• ASSIGNED TASK:
Look below for the line containing "Bolsa de Papel". Write out that line and the rest through the last one, exactly as they appear, but without pictures.

━━━ RECORDS FOR THIS TASK ━━━

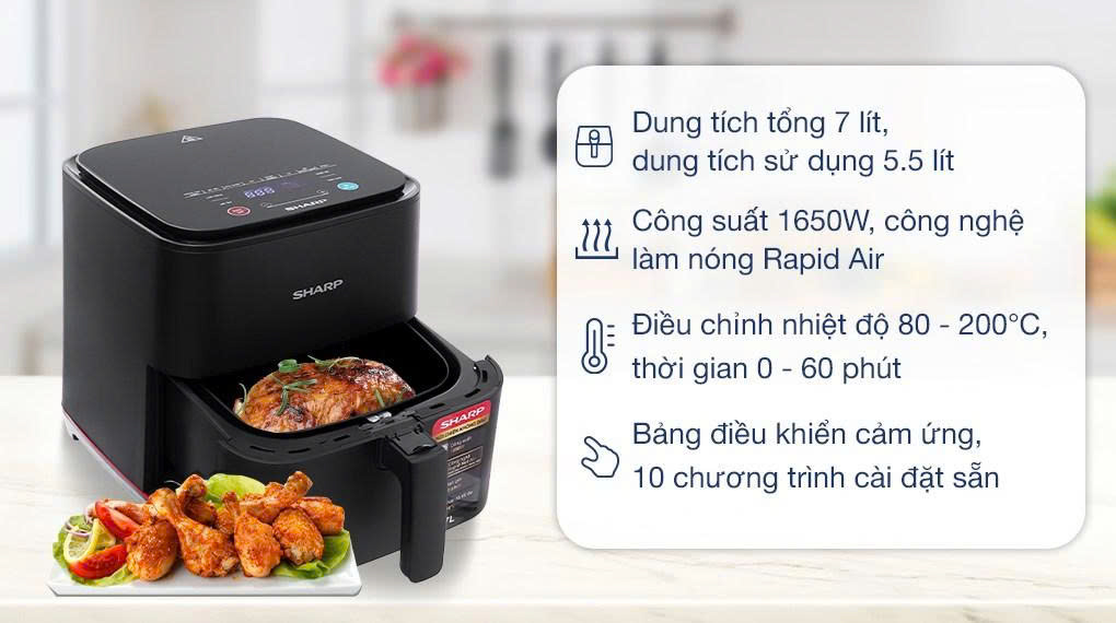 Nếu bạn đang tìm một chiếc nồi chiên không dầu dung tích lớn và hiệu suất cao, Sharp KF-AF70EV-BK là lựa chọn đáng cân nhắc.
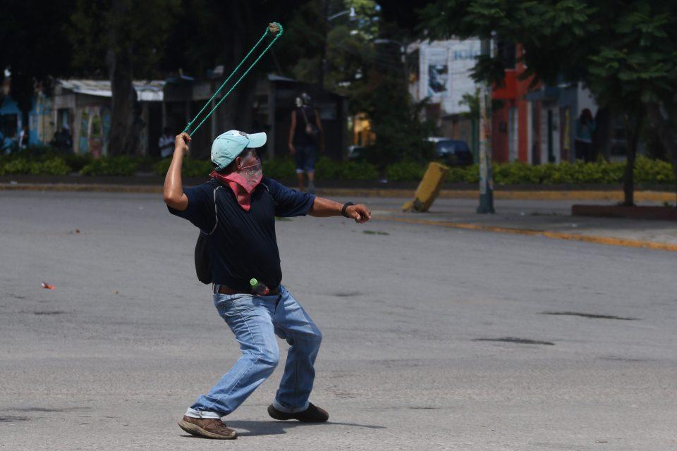 En la Calle Camino Nacional, en el municipio de Santa Lucía del Camino, los inconformes se enfrentaron con policías antimotines de la Policía Federal, quienes arribaron desde ayer a la entidad.
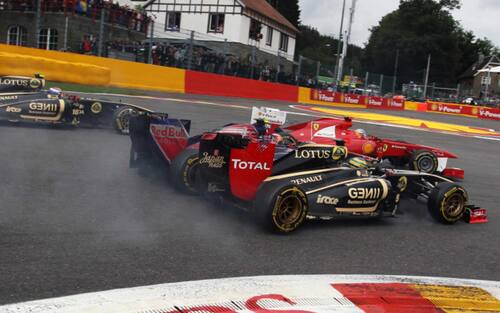 - 2016: le due Ferrari (3^ e 4^ in griglia) saltano Max Verstappen (2°) al via e Raikkonen si piazza alle spalle del leader Rosberg, ma viene stretto da Vettel che dall’esterno taglia la curva, e viene anche colpito all’interno da Verstappen, che giunge a La Source con quasi tutta la vettura sul cordolo. Vettel finisce in testacoda (ala anteriore rotta), mentre i detriti in pista causano le forature di Raikkonen, Sainz e Nasr. Alla staccata di Les Combes Wehrlein tampona violentemente Button.
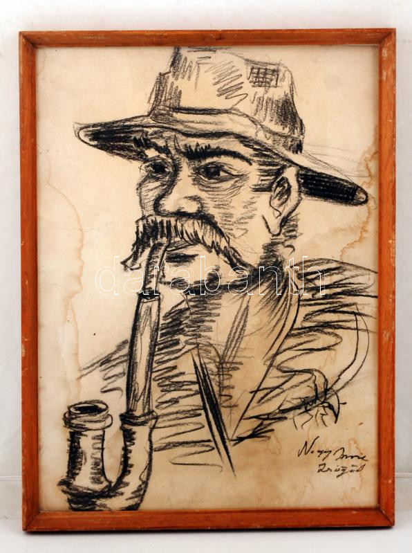 Nagy jelzéssel: Pipázó férfi. Szén, papír, foltos, üvegezett keretben,... https://www.darabanth.com/de/267-Fernauktion/267.0/Andere-Sammelgebiete/Gemalde-und-Grafiken~1/Nagy-jelzessel-Pipazo-ferfi-Szen-papir-foltos-uvegezett-keretben-48C39736-cm~II1342464
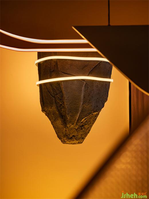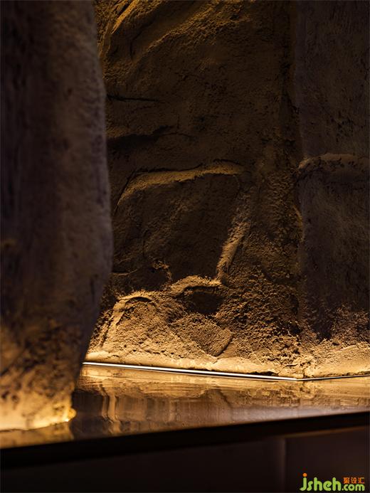 凹凸不平的塑石假山墻面象征崎嶇的火星地表,天然的形態(tài)巖色在時尚現(xiàn)代的裝潢中增添一絲完全不加修飾的原始樸素美感。
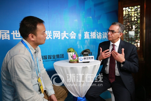 法迪·切哈德在浙江在线乌镇演播室接受记者采访
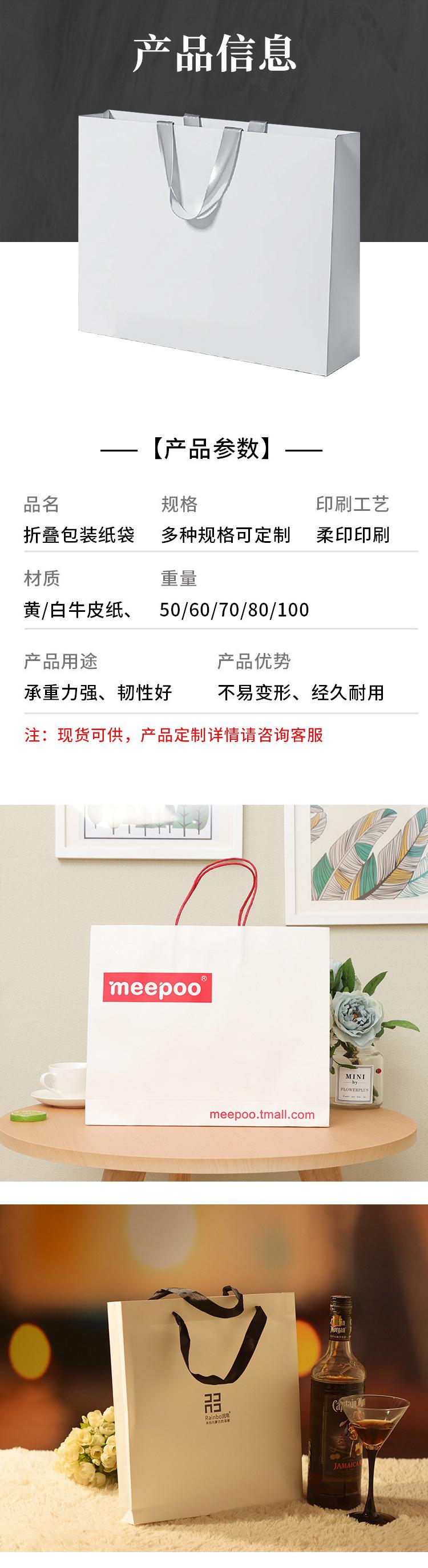 Bolsa de Papel para Compras de Tienda de Ropa para Mujer Bolsa de Regalo Personalizada Logotipo Personalizado Tarjeta Blanca Moda Bolso de Mano con Sentido Avanzado
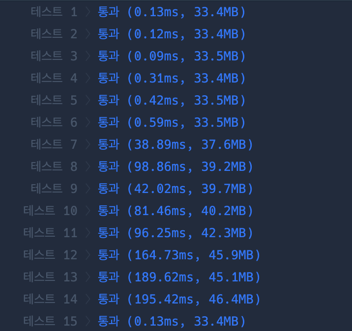 function solution(s) { var answer = []; // 1. {{ }} 맨 앞/뒤 중괄호 2개 빼기 const sLength = s.length; const s1 = s.slice(2, sLength - 2); // 2. '{' 빼기 const s2 = s1.replaceAll("{", ""); // 3. ,(콤마) 기준 자르고 배열에 담기 const arr = s2.split("},"); // 4. 배열 안의 배열로 만들기 let arrInArr = []; for (let i = 0; i < arr.length; i++) { const item = arr[i]; arrInArr.push(item.split(",")); } // 5. 각 요소 길이 순으로 나열하기 const sortArr = arrInArr.sort((x, y) => x.length - y.length) // 6. 배열 돌며 answer에 push() let beforeArr = []; for (let i = 0; i < sortArr.length; i++) { const item = sortArr[i]; const pushItem = item.filter(x => !beforeArr.includes(x)).join(); answer.push(+pushItem); beforeArr = item; } return answer; }🧪 3. 테스트 결과
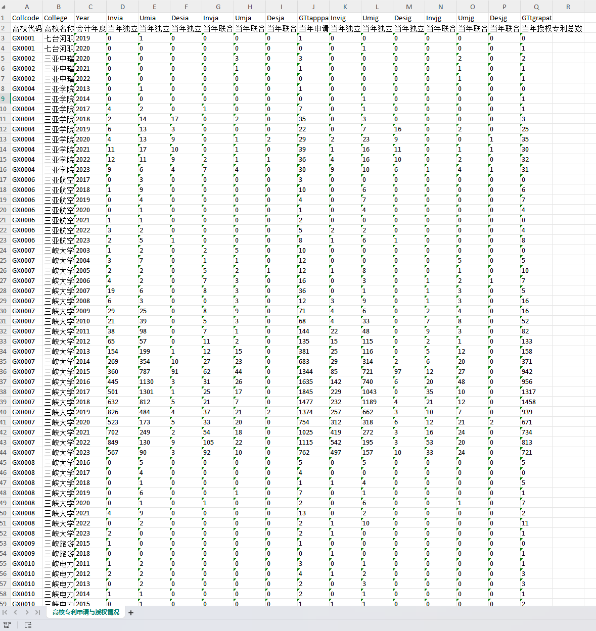 ▪ 综合评价: 通过对高校专利申请与授权情况的分析,能够精准洞察各高校在不同专利类型(发明、实用新型、外观设计)上的创新侧重与活跃度。这对于研究高校科技创新战略布局、学科发展优势以及产学研合作成效等学术方向意义非凡。在学术研究中,可基于此数据探究高校科研产出与区域经济发展的关联,挖掘不同地区高校创新能力差异的成因,也能用于评估高校科研管理政策对专利成果的影响,助力高校优化科研资源配置,提升整体创新水平 。
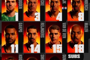 1-維爾布魯根、3-范黑克、4-范戴克、8-赫拉芬貝赫、11-加克波、14-賴因德斯、15-范德芬、18-馬倫、20-庫普梅納斯、21-斯米特、22-鄧弗里斯

━━━

• EXERCISE ANSWER:
 Bolsa de Papel para Compras de Tienda de Ropa para Mujer Bolsa de Regalo Personalizada Logotipo Personalizado Tarjeta Blanca Moda Bolso de Mano con Sentido Avanzado
 function solution(s) { var answer = []; // 1. {{ }} 맨 앞/뒤 중괄호 2개 빼기 const sLength = s.length; const s1 = s.slice(2, sLength - 2); // 2. '{' 빼기 const s2 = s1.replaceAll("{", ""); // 3. ,(콤마) 기준 자르고 배열에 담기 const arr = s2.split("},"); // 4. 배열 안의 배열로 만들기 let arrInArr = []; for (let i = 0; i < arr.length; i++) { const item = arr[i]; arrInArr.push(item.split(",")); } // 5. 각 요소 길이 순으로 나열하기 const sortArr = arrInArr.sort((x, y) => x.length - y.length) // 6. 배열 돌며 answer에 push() let beforeArr = []; for (let i = 0; i < sortArr.length; i++) { const item = sortArr[i]; const pushItem = item.filter(x => !beforeArr.includes(x)).join(); answer.push(+pushItem); beforeArr = item; } return answer; }🧪 3. 테스트 결과
 ▪ 综合评价: 通过对高校专利申请与授权情况的分析,能够精准洞察各高校在不同专利类型(发明、实用新型、外观设计)上的创新侧重与活跃度。这对于研究高校科技创新战略布局、学科发展优势以及产学研合作成效等学术方向意义非凡。在学术研究中,可基于此数据探究高校科研产出与区域经济发展的关联,挖掘不同地区高校创新能力差异的成因,也能用于评估高校科研管理政策对专利成果的影响,助力高校优化科研资源配置,提升整体创新水平 。
 1-維爾布魯根、3-范黑克、4-范戴克、8-赫拉芬貝赫、11-加克波、14-賴因德斯、15-范德芬、18-馬倫、20-庫普梅納斯、21-斯米特、22-鄧弗里斯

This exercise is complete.